Chilean journalist (1952–2023)

Augusto José Góngora Labbé (2 January 1952 – 19 May 2023) was a Chilean journalist, filmmaker and television presenter. After working in independent media during the military dictatorship in Chile, he went on to work for the country's national broadcaster, Televisión Nacional de Chile, from 1990 until 2010, primarily focusing on cultural programming. After leaving the channel, Góngora went on to serve on TVN's board of directors between 2016 and 2017.

== Career ==
After completing high school at the Liceo de Aplicación in Santiago, Góngora went on to study journalism at the Pontifical Catholic University of Chile. During the military dictatorship under Augusto Pinochet, Góngora worked for independent media outlets that opposed the regime, including in 1976 serving as the editor of Solidaridad, a magazine published by the Vicariate of Solidarity, a human rights organisation that offered support to victims of the Pinochet regime and their families. During this time, Góngora also hosted the alternative news programme Teleanálisis, which aimed circumvent the military dictatorship's strict censorship laws. Góngora worked as an editor for Teleanálisis between 1984 and 1986, before becoming its director from 1986 until 1989.

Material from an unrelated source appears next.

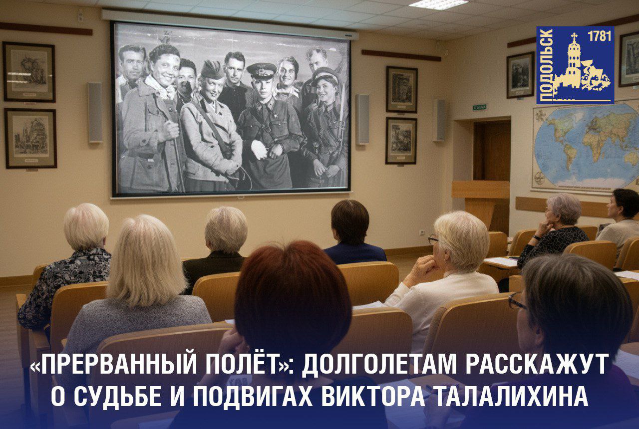 Территориальное отделение клуба «Активное долголетие» по микрорайону Центральный приглашает женщин старше 55 и мужчин старше 60 лет на лекцию «Прерванный полёт», посвящённую 80-летию Великой Победы и Дню памяти Виктора Талалихина.

On 11 March 1990, Chile started its transition back to a democracy, and Góngora subsequently joined the state broadcaster, Televisión Nacional de Chile. On 12 and 13 October 1990, Góngora hosted two charity concerts, Desde Chile... un abrazo a la esperanza, organised by Amnesty International to mark the end of the Pinochet regime and the transition to democracy, at the Estadio Nacional in Santiago.

Góngora subsequently started hosting and producing cultural content for TVN, including hosting the cultural programme Cine video (later rebranded as Cine video + teatro) until 2002. In 1993, he became TVN's cultural editor, a position he held until he left the channel in 2010. He directed multiple programmes for the channel, including El mirador (1991–2004), which focused on social issues; and El show de los libros (1992–2002), which focused on Chilean literature. Góngora also hosted programmes, including Coyote (2003) and Hora 25 (2006–2010), a cultural panel show.

In 2007, Góngora served as an executive producer on the folklore-based miniseries La Recta Provincia, created by Raúl Ruiz, as well as Ruiz's follow-up series, Litoral (2008); he also had a small acting role in the former. Góngora also hosted the radio programme Concert Enfoque on the radio station Radio Concierto.

After leaving TVN in 2010, in August 2016 Góngora was nominated by Michelle Bachelet, the President of Chile, to serve as one of its directors. After being approved by the Senate, Góngora took up the role. He resigned from the board in 2017, citing health reasons.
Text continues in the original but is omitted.